Fifty retail stores with local point-of-sale that must survive WAN outages? Different story.
Section 3: where the exam lives
This section is basically your job description if you design VCF for a living.
Requirements to conceptual model
Objectives 3.1 and 3.2 are about translating stakeholder input into something you can design against.
- One site or multiple?
- Optimising for availability, cost, or simplicity?
- What regulatory constraints apply?
Get this wrong and everything downstream is wrong too.
Logical and physical design
Objectives 3.3 and 3.4 mirror each other - same topics, different abstraction levels:
| Design Area | Logical | Physical |
|---|---|---|
| Fleet topology | Domain count, management separation | Racks, hosts, sites |
| Networking | NSX topology, edge placement | Uplinks, VLANs, switches |
| Automation | Tool placement, integration | Compute footprint |
| Operations | Monitoring architecture | Agent placement |
The exam won’t ask which Dell server to use. It will ask whether your physical choices support your logical design.
The AMPRS objectives
Objectives 3.5 through 3.9 get specific:
| Axis | What you’re designing for |
|---|---|
| Availability | Single-zone HA, cross-zone failover |
| Manageability | Lifecycle management, scalability |
| Performance | Meeting workload requirements |
| Recoverability | BC/DR for management and workloads |
| Security | Hardening management and workload layers |
Migration, consumption, monitoring
The final objectives cover what happens after deployment:
- Migration - How do existing workloads get into VCF?
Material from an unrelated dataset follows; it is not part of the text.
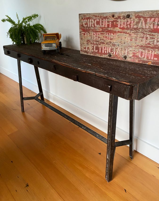 Chunky hallway console table made from 70mm thick reclaimed Canadian Oregon. These beautiful beams were reclaimed from the old New Zealand Herald building on Albert st in Auckland and now live on to be beautiful pieces of furniture.

- Consumption - Tenant design, self-service, governance
- Monitoring - Observability for both management and workloads
This is where Aria experience matters. The blueprint expects you to think beyond “the platform boots” to “teams can actually use this.”
Back to the question
Can I pass this exam?
Honestly, I don’t know yet. The blueprint is clear about what it tests. The official docs cover the content. The patterns are familiar from real projects.
But there’s a gap between doing the work and articulating why you did it that way.
That’s what I’m working on. Taking designs I’ve already built and forcing myself to explain the trade-offs. Writing out the AMPRS justification for choices I made instinctively.
If you’re preparing for this exam too, my advice is simple: don’t study install procedures for sections that aren’t tested. Focus on design decisions. Practice explaining your choices out loud.
The exam isn’t checking if you can click buttons. It’s checking if you can think like an architect.
And if you’ve been doing this work, you probably already can. You just need to prove it in 135 minutes.